Anyone have any better ideas or advice? The lady would like to keep the gate pillar so demolition not an option!

Rich
 
Had a call Sunday afternoon from an elderly lady who had a swarm arrive on Friday on the side of her driveway entrance pillar, bees gradually entered the pillar over the weekend.
I went to have a look and it is a one and a half brick square pillar about 3' high with a concrete capping. There is a small gap in the cement under the cap where the bees are entering. I reckon the hollow center of the pillar can only be about 13cm / 5" square.
Plan A is to remove cap (cement is old and weak so shouldn't be hard), remove any attached comb they have built and attached bees in to skep.
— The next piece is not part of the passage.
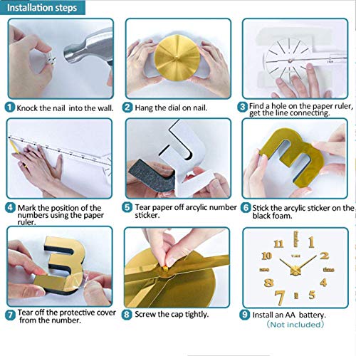 - 【المادة】- ساعات الحائط مصنوعة من مادة فوم ايفا عالية الكثافة ومرايا اكريليك، ومينا ساعة من خليط معدني، ومؤشرات من الألومنيوم. مقاوم للماء، صديق للبيئة، ليس من السهل تشويهه، سهل التركيب ويضفي تأثيرًا عاكسًا على الحائط.

Place skep over top of pillar, drill hole at base of pillar through to core and smoke into this to drive them up.
Anyone have any better ideas or advice? The lady would like to keep the gate pillar so demolition not an option!

Rich

I don't think you will need the smoke. If they have not been in there that long and you remove any comb you find attached to the cap I bet they will probably walk into the skep without the smoke.
 
As YB. I reckon that would suffice, especially if there is some comb fixed in - and more especially if it contains open brood.

Beequick into the hole at the bottom might be more effective than smoke, but care with either as they might just abscond!